→ **Supplied records**:
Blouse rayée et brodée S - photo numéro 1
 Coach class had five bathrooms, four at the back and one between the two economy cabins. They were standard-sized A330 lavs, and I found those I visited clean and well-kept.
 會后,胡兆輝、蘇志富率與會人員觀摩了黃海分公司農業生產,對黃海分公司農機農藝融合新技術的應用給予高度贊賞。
...
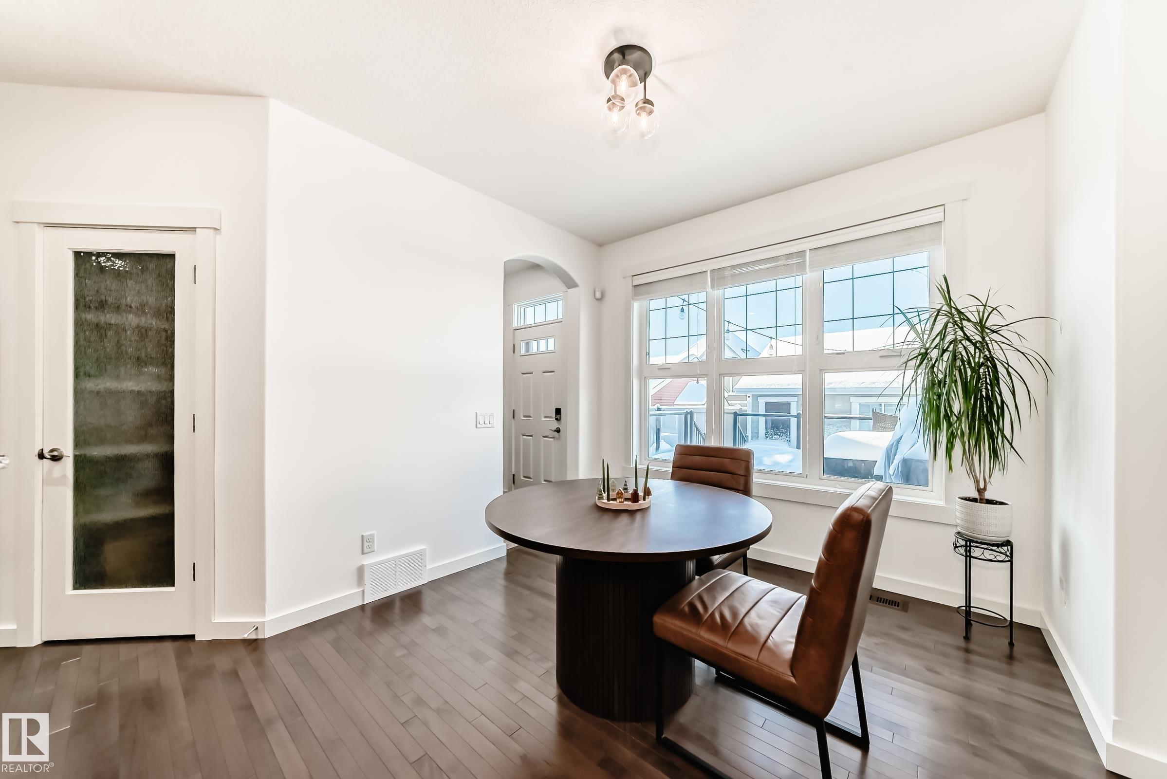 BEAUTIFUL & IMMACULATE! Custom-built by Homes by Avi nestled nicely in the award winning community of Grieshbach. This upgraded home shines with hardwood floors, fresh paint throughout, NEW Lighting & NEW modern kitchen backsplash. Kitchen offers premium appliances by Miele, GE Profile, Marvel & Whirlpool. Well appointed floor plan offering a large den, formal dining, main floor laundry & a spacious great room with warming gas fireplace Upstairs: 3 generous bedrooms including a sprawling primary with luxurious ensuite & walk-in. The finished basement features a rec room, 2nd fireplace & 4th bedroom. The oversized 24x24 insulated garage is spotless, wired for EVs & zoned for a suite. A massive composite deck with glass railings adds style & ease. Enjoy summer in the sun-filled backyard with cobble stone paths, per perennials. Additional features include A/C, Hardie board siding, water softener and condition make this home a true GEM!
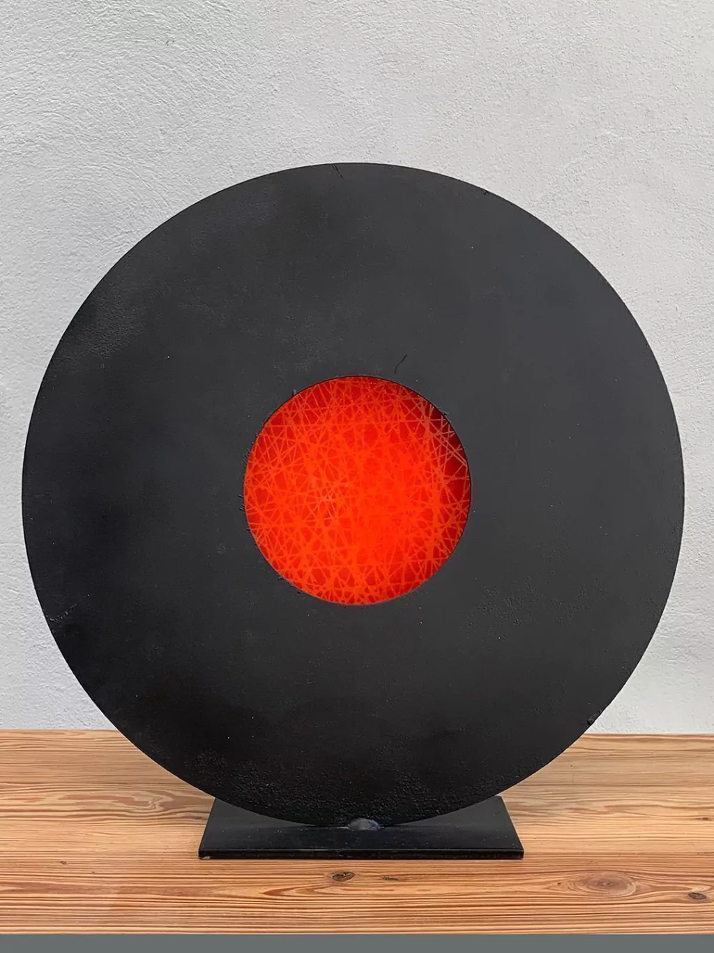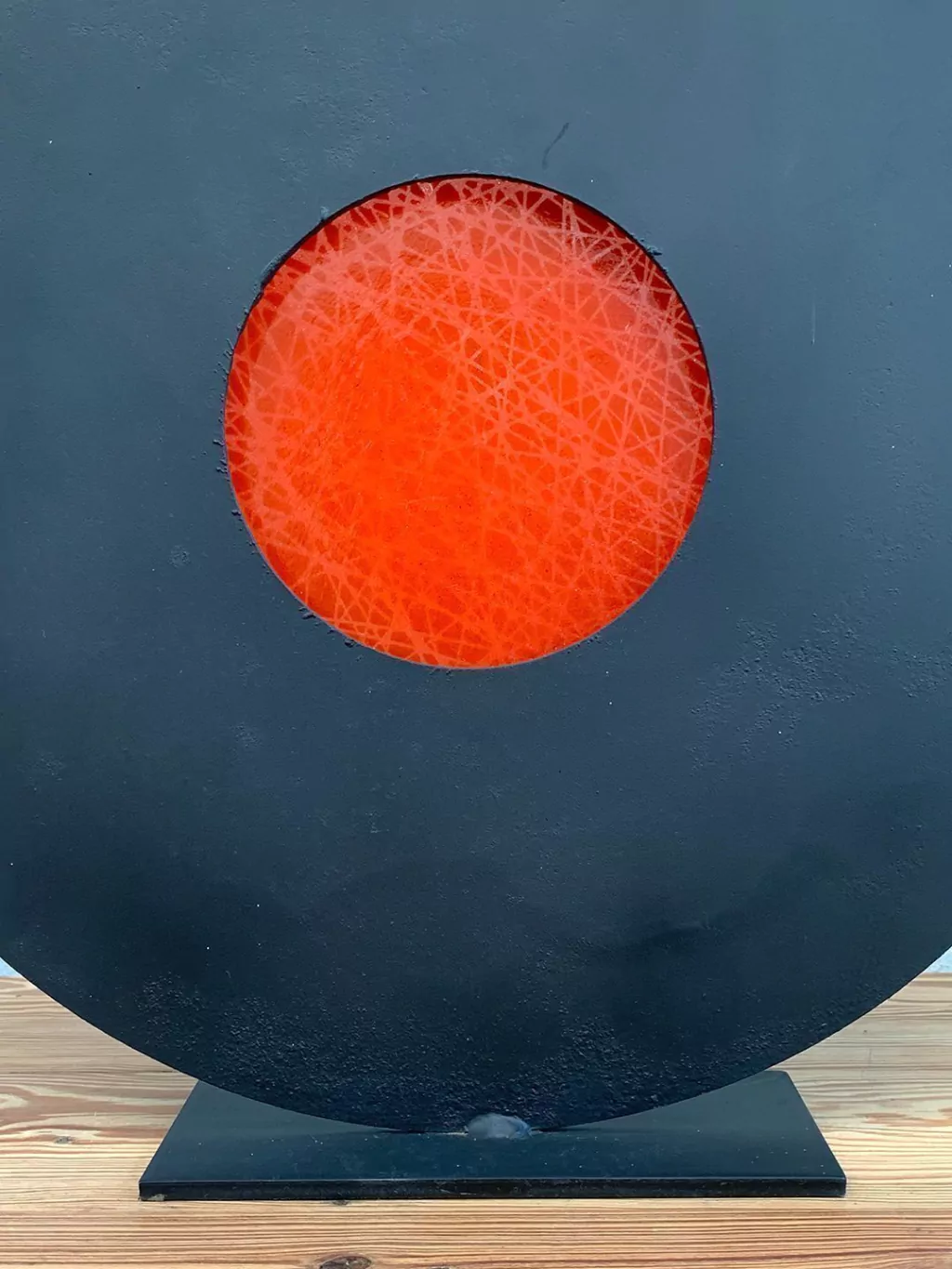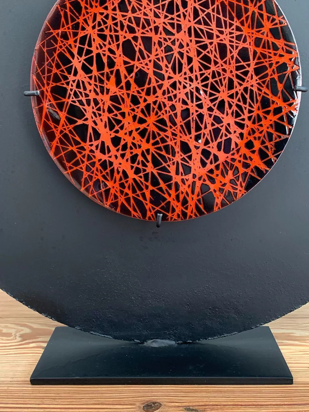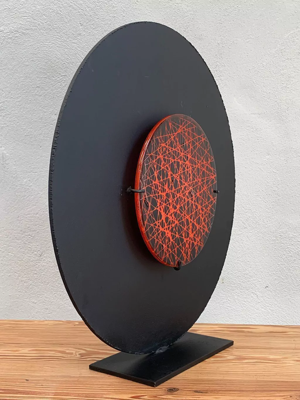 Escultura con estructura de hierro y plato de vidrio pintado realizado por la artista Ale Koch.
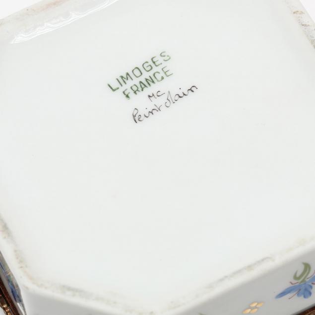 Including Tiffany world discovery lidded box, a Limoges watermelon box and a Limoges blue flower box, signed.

→ **About this exercise**:
In the data above, retype exactly and only the lines between the one holding "Blouse rayée et brodée S - photo numéro 1" and the one holding "會后,胡兆輝、蘇志富率與會人", inclusive.

→ **Solved problem**:
Blouse rayée et brodée S - photo numéro 1
 Coach class had five bathrooms, four at the back and one between the two economy cabins. They were standard-sized A330 lavs, and I found those I visited clean and well-kept.
 會后,胡兆輝、蘇志富率與會人員觀摩了黃海分公司農業生產,對黃海分公司農機農藝融合新技術的應用給予高度贊賞。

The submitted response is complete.